In terms of table turnover rate, QiXinTian is a relative laggard compared with its peers. It averaged 2.2 times per day by the end of last September, compared with 2.4 times, 3.4 times and 2.6 times for Supreme Pot, Haidilao and Xiabuxiabu by the end of June last year, according to its prospectus.
But the company’s revenue growth rate per restaurant was the highest in the industry at 31.9% year-on-year in the first nine months of last year. By comparison, Xiabuxiabu, Haidilao and Supreme Pot posted revenue growth ranging between 14.7% to 29.8%, showing QiXinTian has both its strengths and weaknesses.

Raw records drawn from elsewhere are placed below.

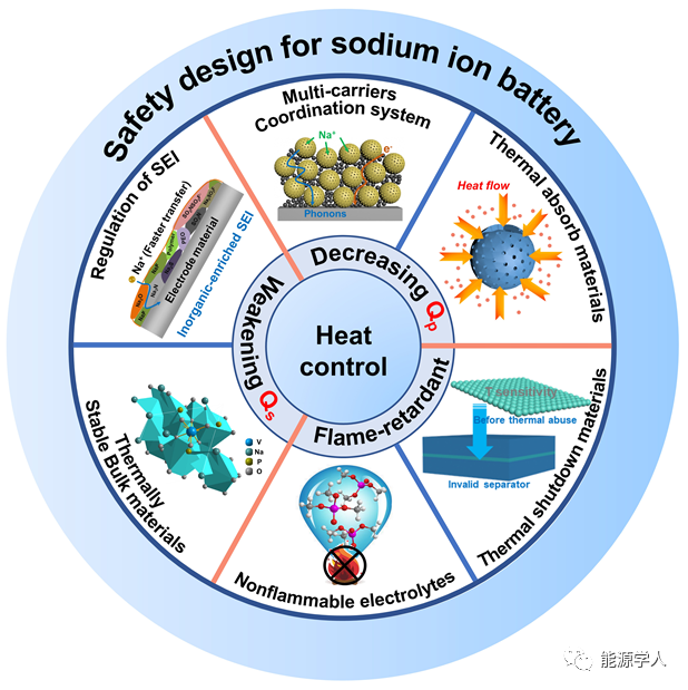 近期,武漢理工大學麥立強教授(通訊作者)和尤雅教授(通訊作者)從材料層面總結與分析了電池中主要產(chǎn)熱來源,熱失控過程引起的化學反應、衡量電池安全性的重要參數(shù),并討論了為降低熱效應電極材料的設計準則。第一作者為武漢理工大學博士研究生楊超。文章主要圍繞減少電池內部極化熱(Qp)和副反應熱(Qs)、加快熱傳遞速率、阻燃和功能性熱保護材料做了詳細探討。該文重點關注電池的熱行為,并提出一些潛在可行的策略,這將加深對SIBs熱失控的了解,并加速熱安全體系電池材料的設計。該工作發(fā)表于材料領域期刊Advanced Energy Materials,題為“Materials Design for High-Safety Sodium-Ion Battery”。
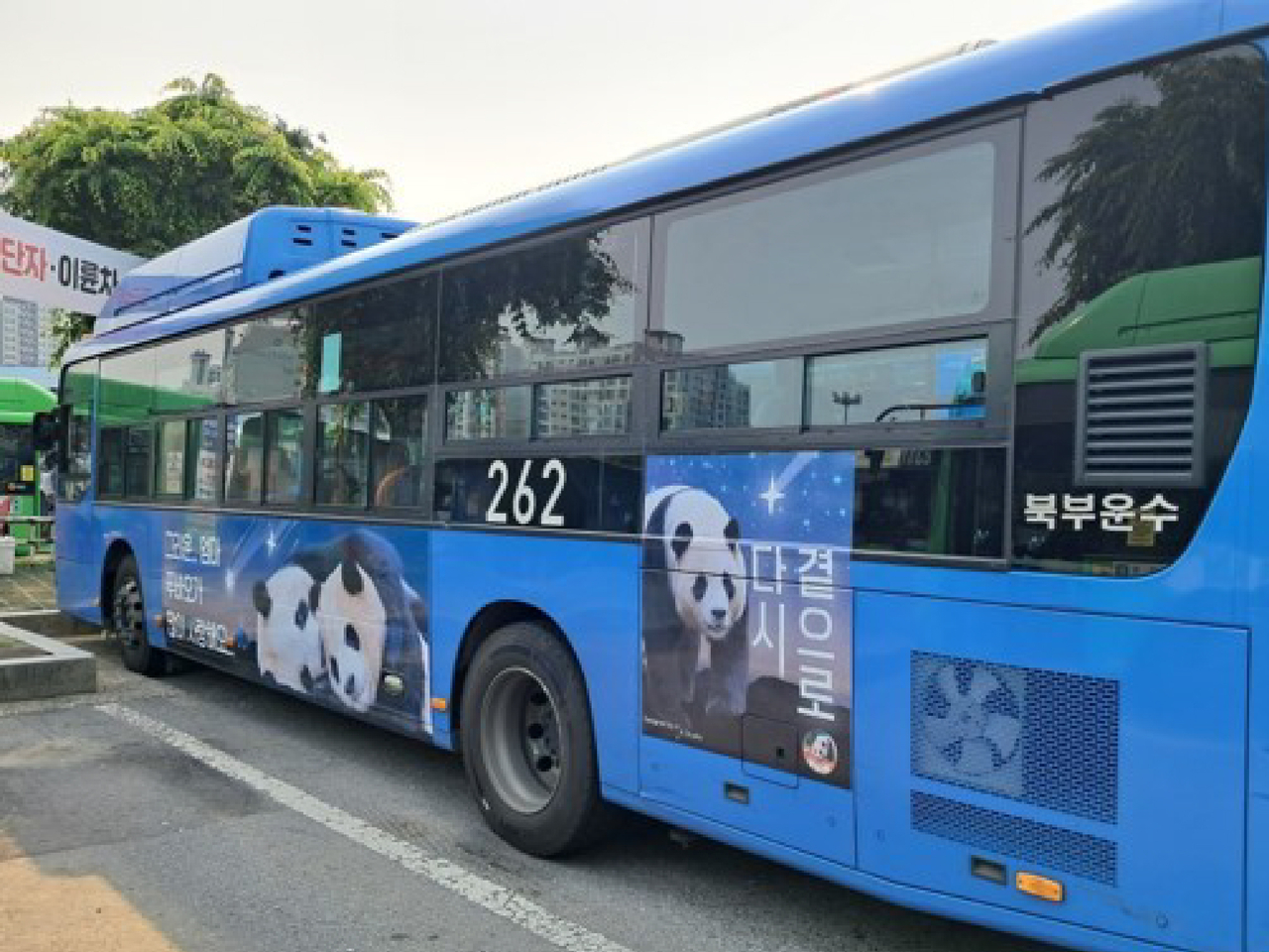[헤럴드경제=함영훈 기자] 4일 부터 서울 시내에서는 우리 곁을 떠난 한국산 첫 판다 ‘푸바오’ 광고 래핑 버스 2대가 운행을 시작해 눈길을 끌었다.
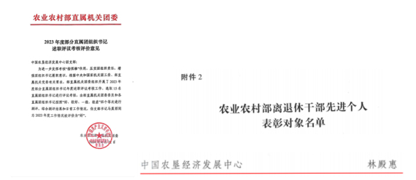 12.中心干部職工積極創(chuàng)優(yōu)爭(zhēng)先,獲得榮譽(yù)表彰8項(xiàng)。葉瑞云同志在農(nóng)業(yè)農(nóng)村部“以秋補(bǔ)夏、抗災(zāi)奪豐收”專項(xiàng)任務(wù)中獲個(gè)人記功,劉芳、樊思雨同志獲個(gè)人嘉獎(jiǎng)。李泓同志獲得2023年度農(nóng)業(yè)農(nóng)村部平安建設(shè)先進(jìn)個(gè)人稱號(hào)。劉陽(yáng)同志獲得2022—2023年度部直屬機(jī)關(guān)優(yōu)秀工會(huì)干部榮譽(yù)稱號(hào)。馬晨雨同志在2023年度部分直屬團(tuán)組織書記述職評(píng)議考核被評(píng)價(jià)為“好”。季剛同志獲得2021—2023年度農(nóng)業(yè)農(nóng)村部直屬機(jī)關(guān)青年理論學(xué)習(xí)標(biāo)兵榮譽(yù)稱號(hào)。林殿惠獲得農(nóng)業(yè)農(nóng)村部系統(tǒng)離退休干部先進(jìn)個(gè)人榮譽(yù)稱號(hào)。

Hotpot stocks themselves have blown hot and cold during the pandemic as they dealt with repeated business disruptions. Shares of “blue chip” Haidilao plummeted 70% in a year but were still trading at a relatively hot price-to-earnings (P/E) ratio of 57 times by the end of last year. Xiabuxiabu, whose shares followed a similar trajectory, had a P/E ratio of around 21.3 times at the end of the year. Shares of fish hotpot specialist Jiumaojiu (9922.HK) fell by around 40%, but even now the stock trades at a P/E ratio of 44.4 times.
QiXinTian has yet to announce its IPO price and fundraising target. But using an average P/E ratio of about 40 times from the three stocks mentioned above, and assuming steady profit performance that would yield a 346 million yuan profit for 2021, the company may get a market valuation of around 13.84 billion yuan when it goes public, making it three times bigger than Xiabuxiabu. That would value each of its restaurant at around 54 million yuan, on par with Haidilao.
The company will use most of the money from the listing to expand its network, mirroring the similar rapid expansions by Haidilao and Xiaobuxiabu. It plans to open another 40 restaurants in eastern China in 2022, then 230 ones in other parts of China in 2023 and 2024.
But as Haidilao’s case has shown, such rapid expansion can be risky. Following such a breakneck addition of new stores, Haidilao closed 300 restaurants in November last year and made a major shift in its strategy to focus on quality over quantity. Similarly, Xiabuxiabu had to shutter 200 restaurants last year, conceding that its overly aggressive expansion had put immense pressure on its profit margin.
Whether QiXinTian will follow down a similar boom-bust path remains a big question as it forges ahead with its listing. But given the lukewarm sentiment in Hong Kong right now, it may have difficulty justifying a high valuation to investors who were burned by the previous boom and bust of Haidilao.